I had read about the Rat Park experiment and the analog of the Vietnam war a few times before this week. Either in a documentary, NPR broadcasting, or another like article, the story is told often almost identically. They begin with the cocaine water experiments, offer a few words to Nixon's War, move to Rat Park, and then end with Vietnam heroin users. But there are a few things many of these articles seem to leave out.
The first detail left out is that, unlike the original experiment, cocaine was not used in rat park; morphine was.
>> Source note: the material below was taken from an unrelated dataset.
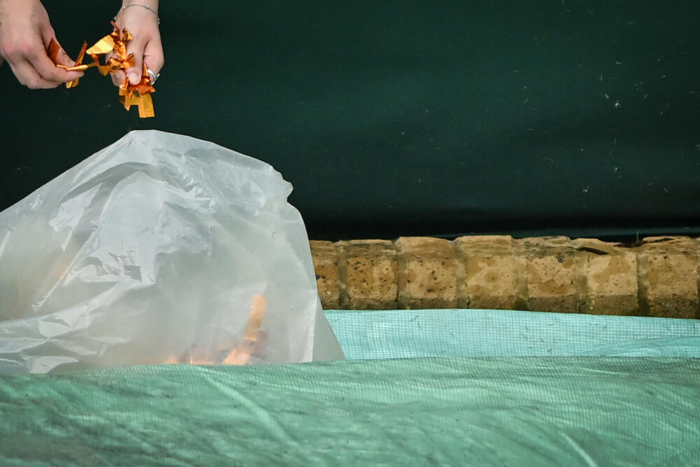 Jedan je samo ušao i seo na centar terena, a potom skinuo jaknu ispod koje je imao belu majicu na kojoj je verovatno bila ispisana i neka poruka, ali se na snimku ne vidi.
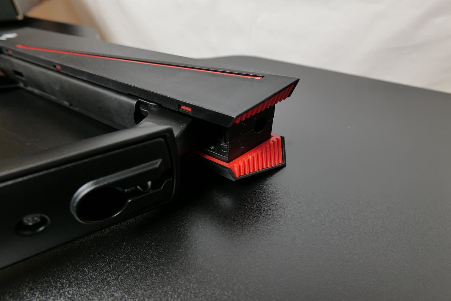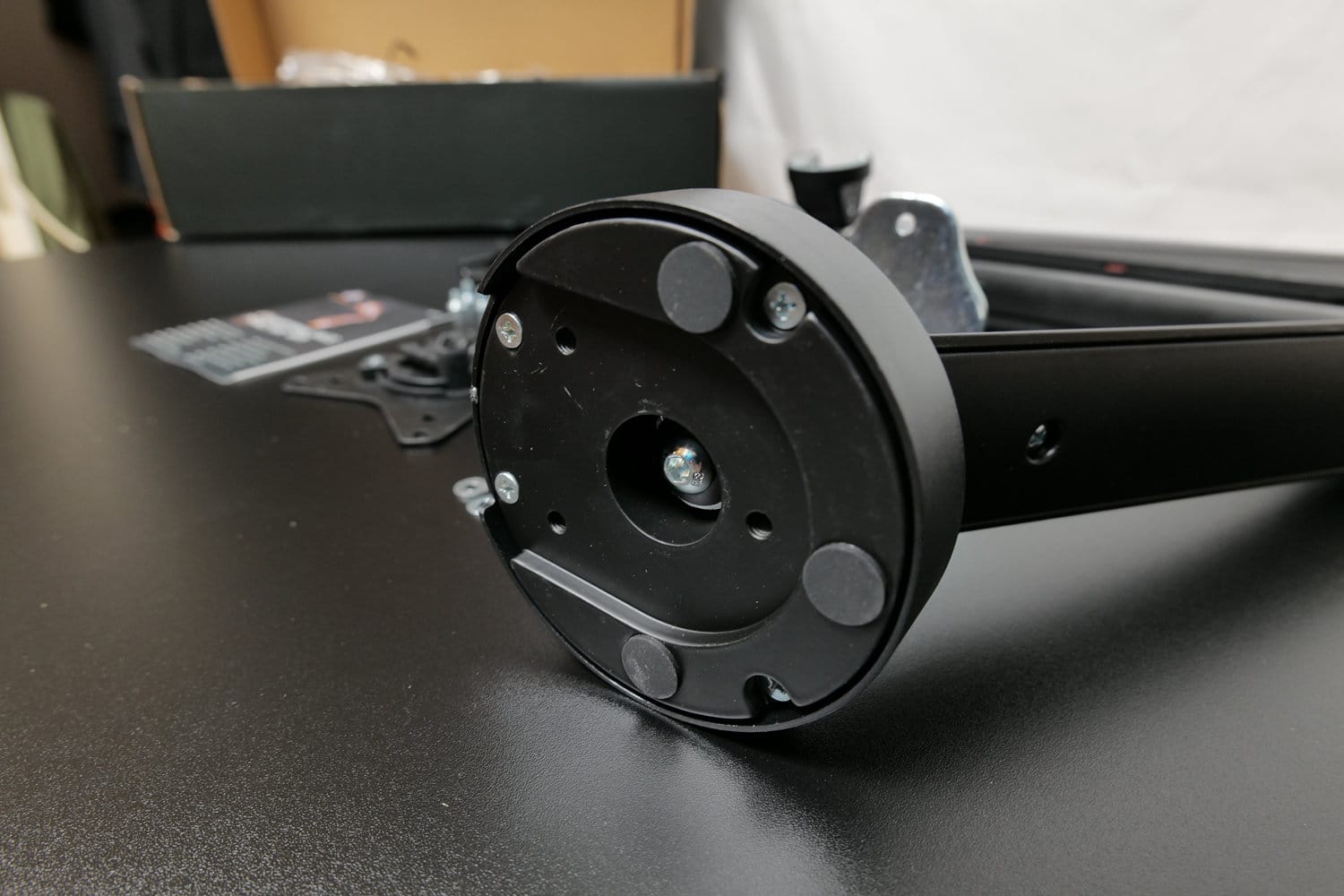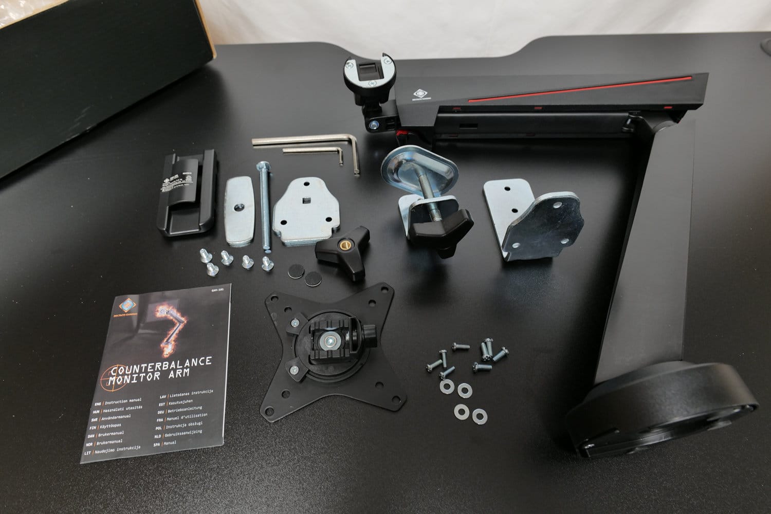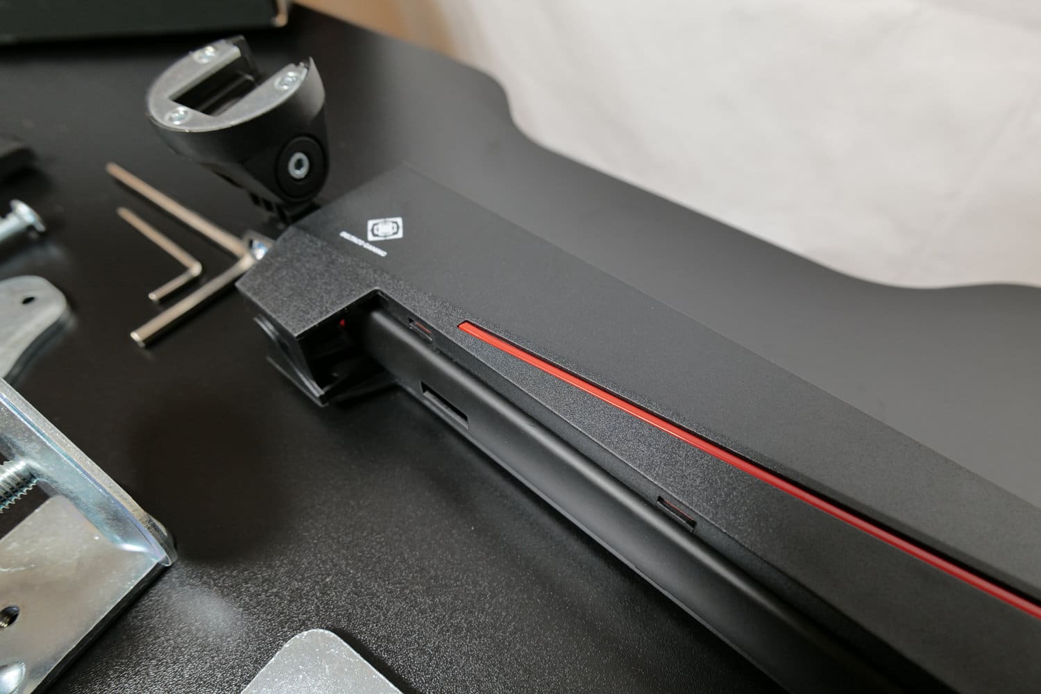 Die GAM-101 ist laut Montageanleitung mit Tischplatten aus Holz, Holzfaserplatten und Spanplatten kompatibel. Billige Tischplatten aus Papier in Wabenstruktur und ähnliche Hohlkammer-Bauweisen bieten dagegen nicht die nötige Stabilität. Für unseren Test montieren wir die Halterung am DT410, einem elektrisch höhenverstellbaren Schreibtisch von Deltaco Gaming mit 1,8 cm dicker Spanplatte, welchen wir ebenfalls ausführlich getestet haben.

This might seem like a nitpick--both cocaine and morphine are highly addictive--but it is worth noting that morphine's high works by pumping the brain full of the same chemical released when both humans and rats exercise. Along with the comfortable social settings, the rats in the Rat Park experiment were also given exercise equipment: balls and wheels.
Rats have been shown to become addicted to exercise (http://www.nytimes.com/2002/05/21/health/runner-s-high-endorphins-fiction-some-scientists-say.html) and it is possible that the exercise afforded to them in Rat Park could have been doing much of the heavy lifting in keeping them clean. But this isn't surprising. Recent medical literature has been pointing to this with studies in lab rats showing self-administration of cocaine dropping after exercise (https://www.ncbi.nlm.nih.gov/pubmed/18585870 & https://www.ncbi.nlm.nih.gov/pmc/articles/PMC3276339/).
Although I would hardly call the results of Rat Park misleading, the greater takeaway from this experiment might be the effects of exercise on addiction.